O’Rourke is concerned with how imagery interacts with the materiality of the painted surface, supplementing it with a veritable kitchen sink of materials. The paintings are made up of myriad elements including fragments of text, fabrics, papers, wood, plastic bags, vinyl floor and artificial grass. ‘Near to nowhere’(2021) plays with trompe l’oeil effects with a real face flannel stained to appear in shadow against a cubist influenced shifting perspective. Elsewhere the materials are sublimated within the surface of the painting, ‘Inside-out’(2021) models a complex network of materials and techniques. ‘Hover Hotel’ (2022) reminds me of a slick background from a ‘90s anime with it’s crisp manga style megastructure foregrounded against and scumbled painterly ground.

Ghalamdar layers imagery that blends and combines into new forms. The surface of the works show evidence of the artist’s hand building them up over time. The colours are acrid and chemical, and the invented objects are sharp, but blur and de-coalesce into one another and the painted surface. ‘Low-budget props for a homosexual Iranian vampire Sci-fi film’ (2021) exemplifies these shifting layers of bold colour that construct a mysterious stage set.

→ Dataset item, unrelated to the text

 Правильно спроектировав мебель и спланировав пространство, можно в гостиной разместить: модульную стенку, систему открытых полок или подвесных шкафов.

Ghalamdar’s works are lovingly made by hand but the digital world hangs over them like a spectre. Their painting feels influenced by how an AI might compose an image. ‘Coterie of the alchemists’ (2021) is perhaps a representation of the artist; three heads branching from a tree wearing various hats against a continuous photographic studio back drop. There is gravity and weight, but sometimes not. There is logical arrangement and chaos in Ghalamdar’s work but none of this is mutually exclusive. The stage set of the paintings are recognisable, but in transition to something else.

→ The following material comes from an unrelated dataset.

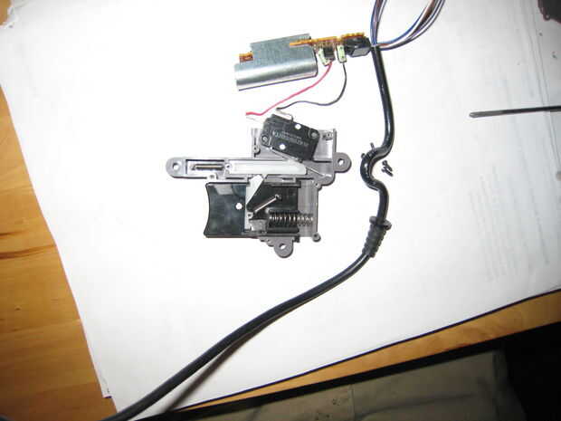 Y una vez que el gatillo gris cubierta abierta que tiene que quitar el interruptor sí mismo, todo lo demás. El interruptor será quitar todos los cables. Ten cuidado, algunas de las piezas son resorte y saltarán hacia fuera.

Ultimately this exhibition is admirable not only for the standard of paintings, but the way in which the work of the two artists is interspersed. It raises interesting questions around authorship, subject and aesthetics. Both artists have their own identity and motivations but this exhibition invites the viewer to spend time considering their shared, and perhaps universal concerns. Half Awake shows the invigorating possibilities of future conversations filled with emotional and experiential intelligence.    

Half Awake ran from 15 April until 1 May 2022 at Bankley Studios and Gallery, Manchester.

Andee Collard is an artist, educator and co-founder of Bolton Contemporary, a non-profit organisation dedicated to providing inclusive contemporary visual art to the people of Bolton.